Cathrin Bengesser revisits the debates on European television as a medium for narratives of solidarity within today’s TV industry, policy and culture. Building upon Jürgen Habermas’s analysis of the need for civic solidarity in the face of Europe’s crises, Bengesser presents the trans-European crime drama The Last Panthers as an example of the interplay between economic, political and cultural Europeanization in contemporary TV production.
Berber Hagedoorn adds a media-critical approach by analysing how both media users and media scholars perceive crises within today’s overloaded information landscape, and how this affects the formation of cultural memory in Western and Central Europe in this ‘post-truth’ era, riddled with information ‘bubbles’.
Marcus Pyka discusses the evolution of the Eurovision Song Contest as a pan-European pop-cultural tradition that has served as a highly ambivalent arena for past and current conflicts: from its utopian ideal of a ‘peaceful cultural competition of nations’ in the Cold War era up until its recent reflections of debates on the Crimean occupation and LGBTQI rights.
Last but not least, in ‘Digging for sanctuary: The garden as a contact sphere’, Vera Alexander draws on community garden initiatives and the mediatization of gardening to suggest strategies of reconceiving a productive material relation to place and the environment in a bid to recalibrate the tension between newness and sustainability in a shared search for European narratives for the future.

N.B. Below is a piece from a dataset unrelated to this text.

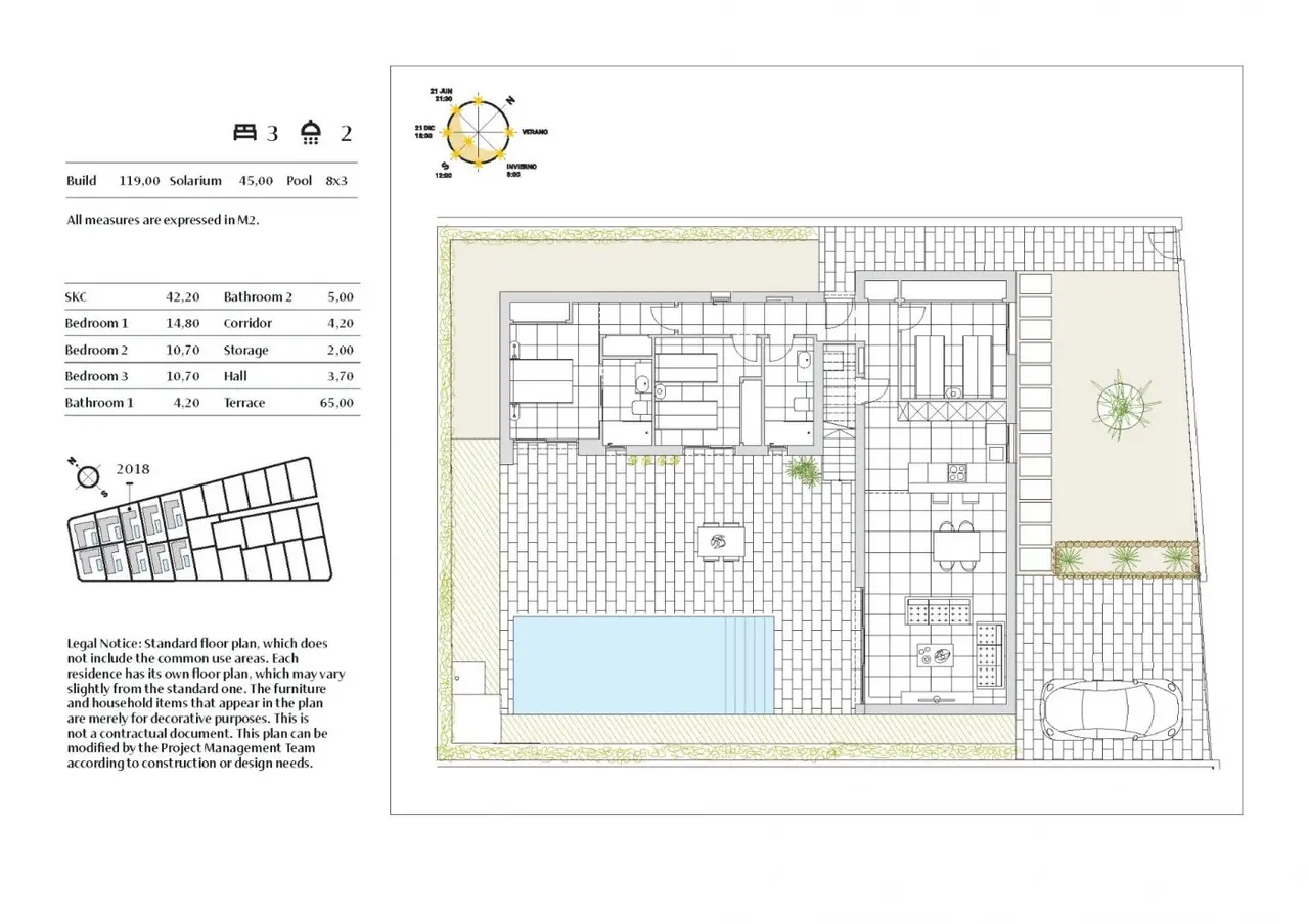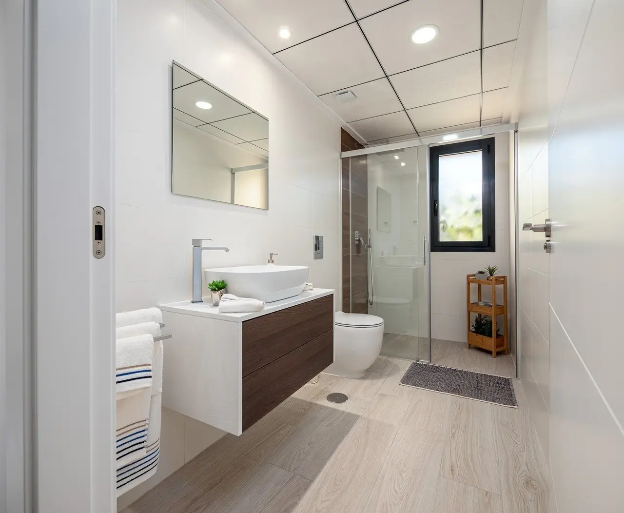 Wille te łączą nas ze starożytnymi kulturami śródziemnomorskimi i tradycją budownictwa połączoną z nowoczesną architekturą, tworząc urocze domy, najlepsze w przestrzeni i trendach projektowych. Na jednym piętrze, zaprojektowany tak, aby maksymalnie wykorzystać światło, z rozsyłem „L”, który doskonale oddziela strefę dzienną i kuchenną od pozostałych. Domy mają 3 sypialnie i 2 łazienki, na dużych działkach o powierzchni ponad 300 metrów, z prywatnym basenem, parkingiem i solarium, w najlepszym środowisku golfowym.

Just like the EU itself, this special issue aims to be united in its diversity. In particular, all the contributions share a strong awareness that Europe’s recent and ongoing crises make it more necessary than ever to critically reflect on the European project: aside from the self-evident etymological link, the present conjuncture has revealed the impossibility of thinking about the ‘European dream’ before first coming to terms with the ‘European reality’ (Castells et al., 2018: 8). But how is it possible to critically rethink the idea of a shared Europe, while at the same time providing a valid alternative to populist dichotomies and simplifications? The main contention underlying the present volume is that the first step towards answering this question must lie in acknowledging how the past, present and future of Europe are shaped by a complex entanglement of political and cultural factors. In this respect, cross-disciplinary research – as illustrated by the studies collected here – can represent a valuable antidote to both the uncritical idealization and the irrational catastrophism which increasingly characterize responses to Europe.